Prep 1 hr
Cook 40 mins
Kitchen Life, Art Smith
- 3 (9 ounce) chicken breast halves, with skin and bone
- fresh ground black pepper
- 1⁄2 cup mayonnaise (regular or light)
- 1⁄3 cup pecans, toasted and chopped
- 1 granny smith apple, peeled, cored, and cut into 1/2 inch dice
- 1 celery rib, cut into 1/2 inch dice
- 1 scallion, white and green parts, finely chopped
- 1 teaspoon chopped fresh rosemary
- 1 head boston lettuce or 1 head butter lettuce, torn into individual leaves
- Position oven rack in upper third of oven; preheat to 400°.

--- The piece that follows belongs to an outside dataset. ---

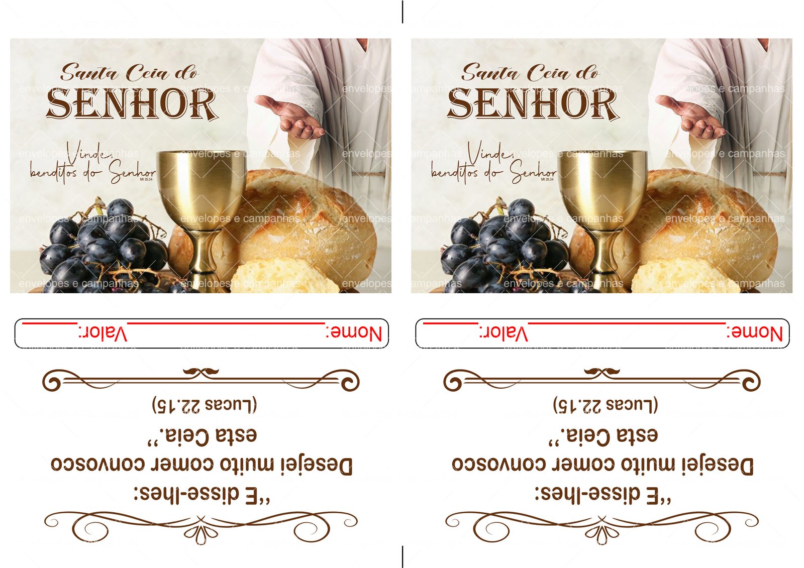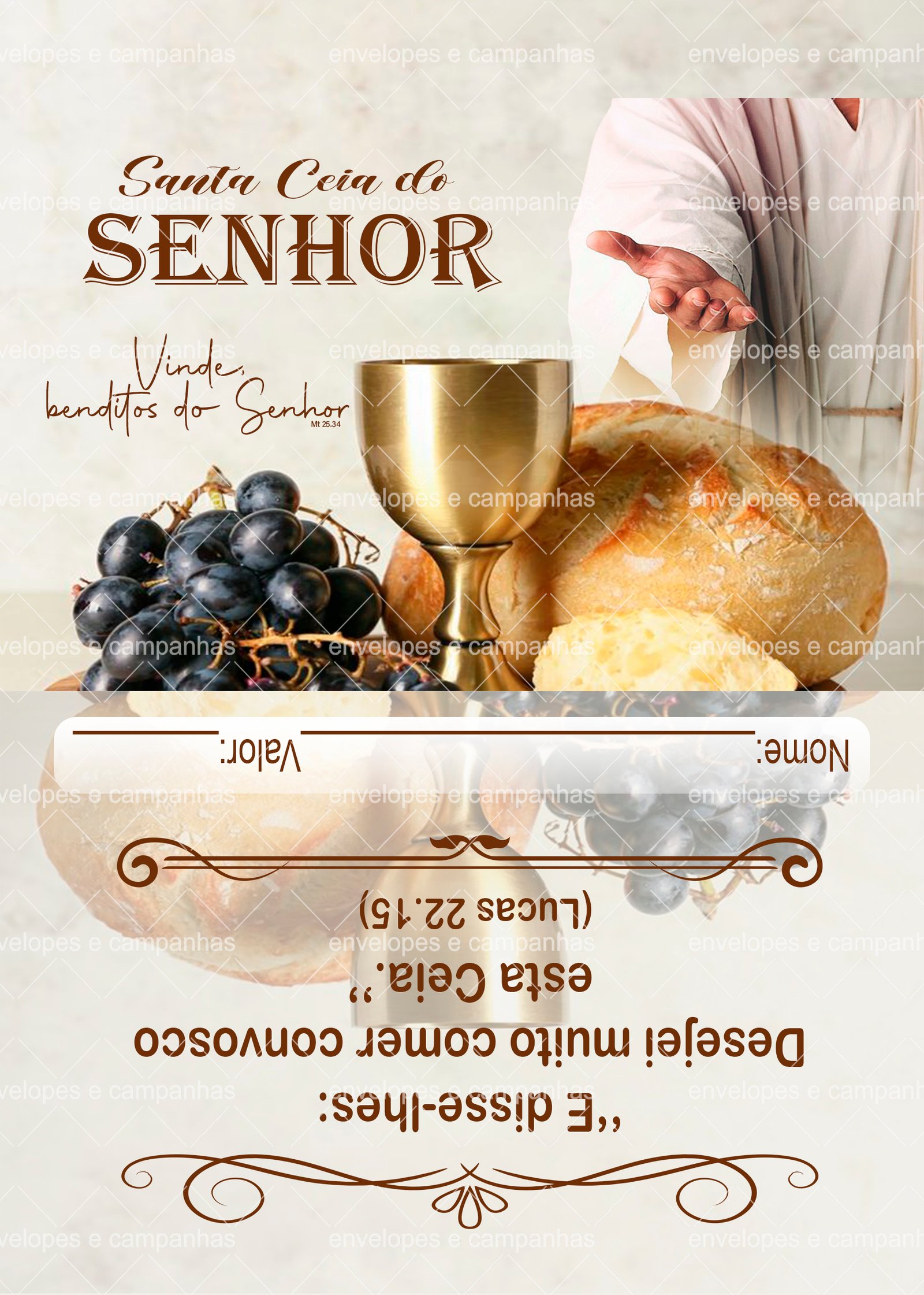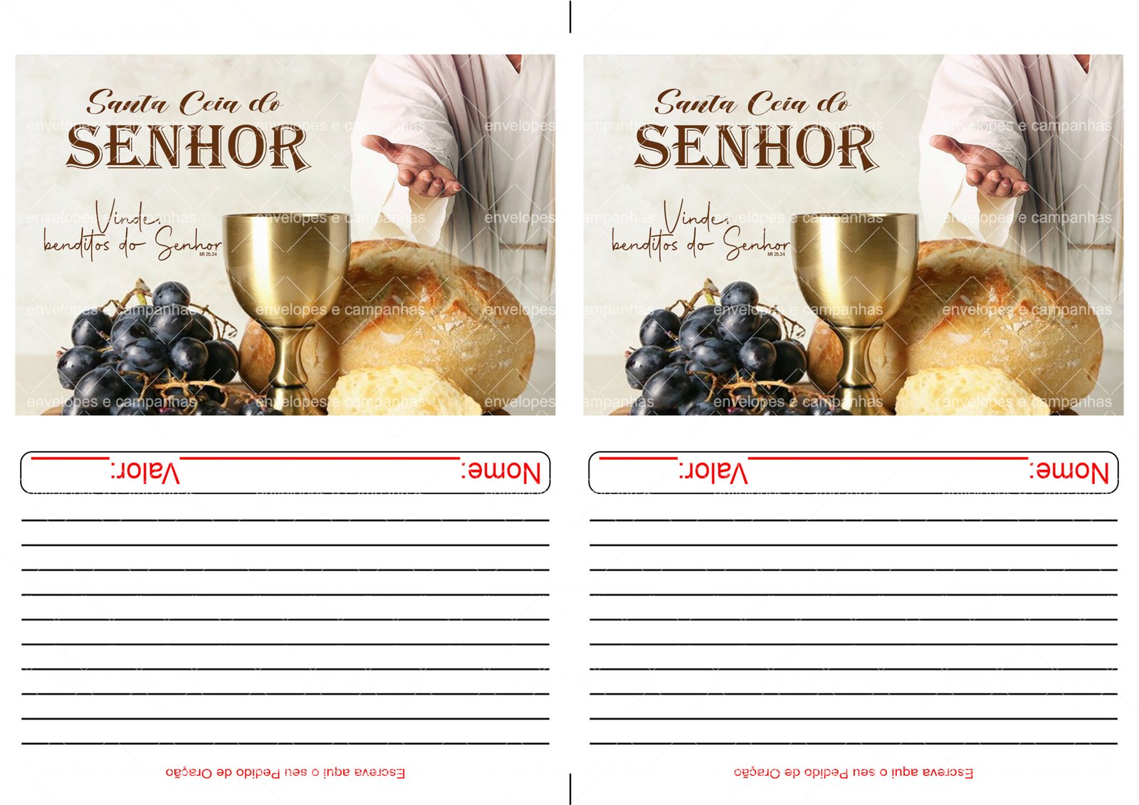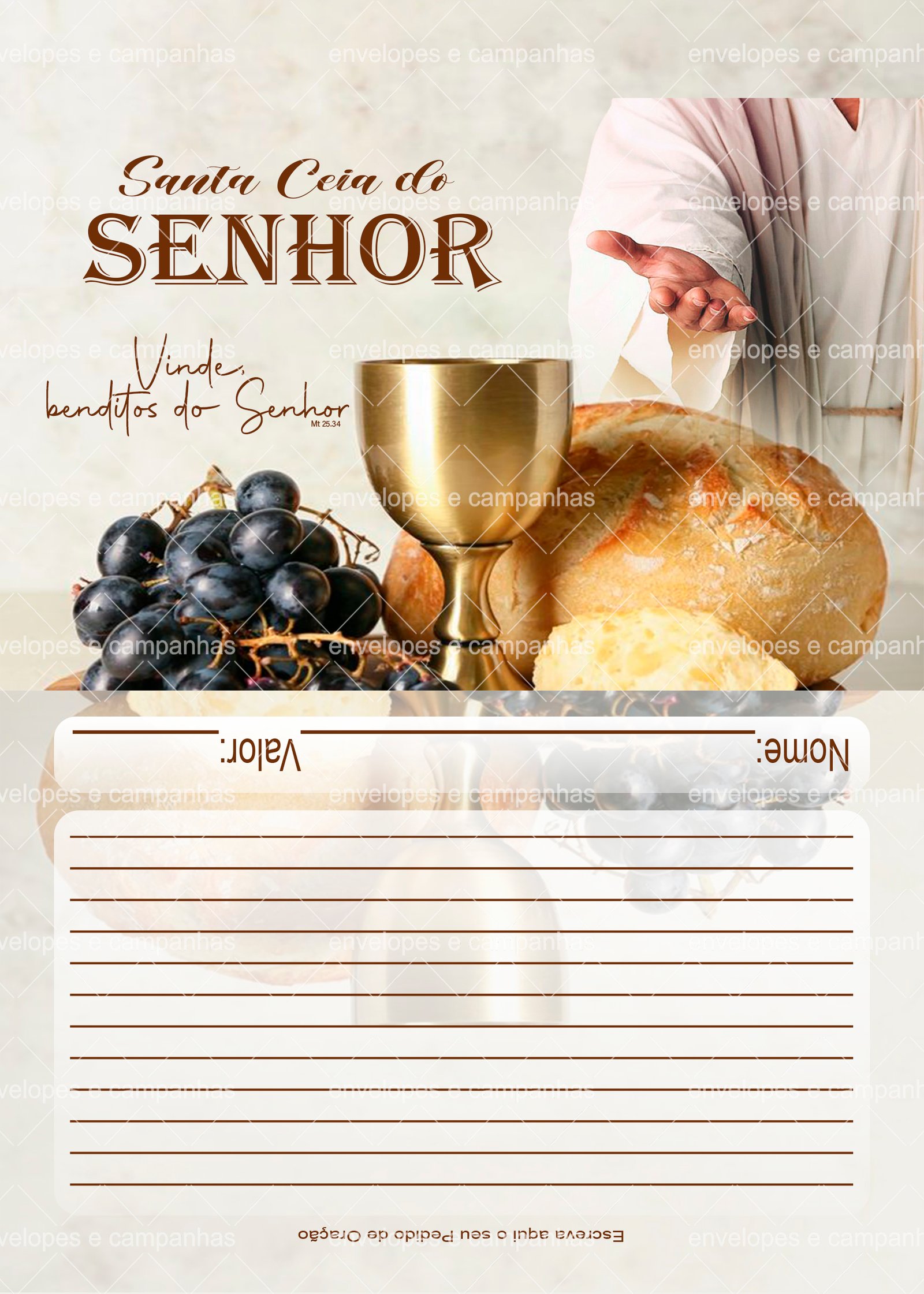 Envelope Santa Ceia Vinde Benditos do Senhor 01 (Envelope 1/2 Ofício ou 2 numa folha A4)

- Season chicken breasts with salt and pepper; place in a small roasting pan.
- Roast until the chicken is golden brown and an instant-read thermometer inserted in the thickest part reads 170°, about 40 minutes.
- Cool completely; discard skin and bones, and cut the meat into bite-sized pieces (should have 2 cups of chopped chicken).
- Combine the chicken, mayonnaise, pecans, apple, celery, scallion, and rosemary in a bowl.
- Season with salt and pepper; cover and refrigerate until chilled, at least 1 hour and up to 1 day.
- For each serving—make a bed of lettuce leaves on a plate; mound the salad on the lettuce and serve immediately.